I decided to keep track of the books I’ve read this summer. It’s been nice to look back and know that I’ve taken the time to relax with some nice stories, and I laugh at myself for falling back into academia with some other reads.

Here’s the Summer 2011 list:

1. One Day, David Nicholls

2. Bossypants, Tina Fey

3. Sense and Sensibility, Jane Austen

4. All the Pretty Horses, Cormac McCarthy

5. Tomcat in Love, Tim O’Brien

6. Haroun and the Sea of Stories, Salman Rushdie

7. Rock Paper Scissors: Game Theory in Everyday Life, Len Fisher

8. Man, the State, and War, Kenneth Waltz

9. Orlando, Virginia Woolf

10. First Love, Ivan Turgenev

11. The Dharma Bums, Jack Kerouac

12. Extremely Loud and Incredibly Close, Jonathan Safran-Foer

13. The Count of Monte Cristo, Alexandre Dumas

14. Post-American World, Fareed Zakaria

15. I’ve finished about 1/4 of Doctor Zhivago, Boris Pasternak

Among the list of summer reads, I’d say I most recommend Extremely Loud and Incredibly Close. I was engulfed by the emotion and clarity of the book – I was so attached to Oskar, the young narrator of the majority of the story. It is a little bizarre how precocious Oskar is – but there were so many passages that made me pause and think throughout the book. I really enjoyed it.

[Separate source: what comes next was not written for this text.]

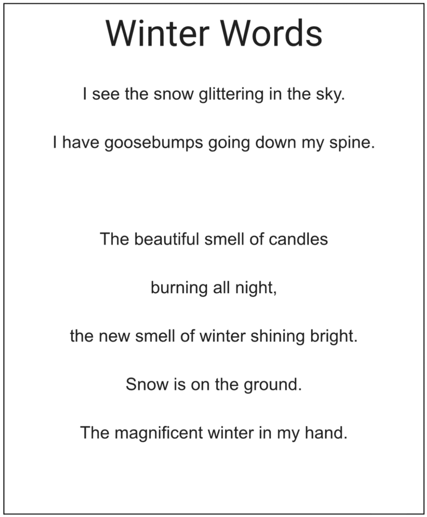 – This poem by a year 2 student balances literal sights, such as ‘snow on the ground’ with more metaphorical and sensory insights; ‘the magnificent winter in my hand.’

Just a note: Tomcat in Love was one of the most ridiculous books ever, but in a good way. I loved the Minnesota references, clearly, but probably not for the right reasons.

Another note: If it’s winter, reading The Dharma Bums might not be the best idea – it was a perfect summertime read. I felt right at home reading the book on a lazy day (and night and early, early morning, etc.)



I’m getting a shipment of books for school today – I can’t wait to start the fall reading list. Rally on!